Most teams collect everything “just in case,” then try to add privacy when an audit looms. By then it’s in 40 tables.

By then it’s also in three backups and two BI tools, and clearing it out is a full project. The cheapest time to drop the PII you don’t need was before it ever landed in the warehouse. Every day after that, removing it is a migration with a risk review attached.

Privacy by design in a pipeline is mostly four habits, applied at ingestion:

  • Minimize at the source. If a field has no named use, don’t ingest it. Default to dropping, not keeping.
  • Separate identity from behavior. Pseudonymize early and keep the key mapping in one controlled place, not spread across every table.
  • Set retention per dataset at creation, not “someday.” Raw events expire on a schedule the system enforces.
  • Tag personal data where it lives. Every column carrying PII is labeled, so any later request (access, deletion, audit) is a query, not a manual hunt.

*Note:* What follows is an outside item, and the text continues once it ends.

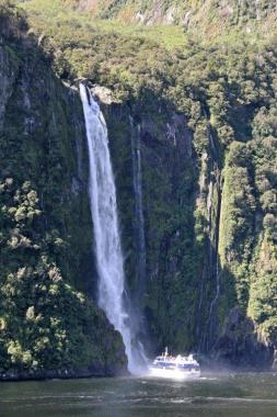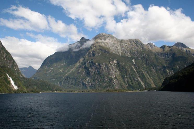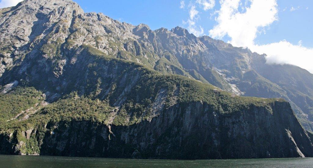 The low, gray clouds kept rising throughout the day and by the time we entered Milford sound we were blessed with a bright blue sky and sparkling sea. Milford is the most dramatic of the glacially-carved fiords. The average rainfall in Milford Sound is 20 feet and it is unusual to have a day without at least some rain. We were fortunate to have one of those days; one of the best days the captain and crew had every experienced in the area.

Done at ingestion, this is a few days of design work, and it serves GDPR and the AI Act from the same foundation. Both want the same things: know what personal data you hold, why, and for how long.

Retrofitted after the fact, the same work becomes a multi-month cleanup under deadline pressure, usually while a regulator or a customer is waiting.

A test for your current pipeline: can you list every column holding personal data with one query? If not, that’s where to start.

Can you list every column holding personal data in your warehouse with a single query?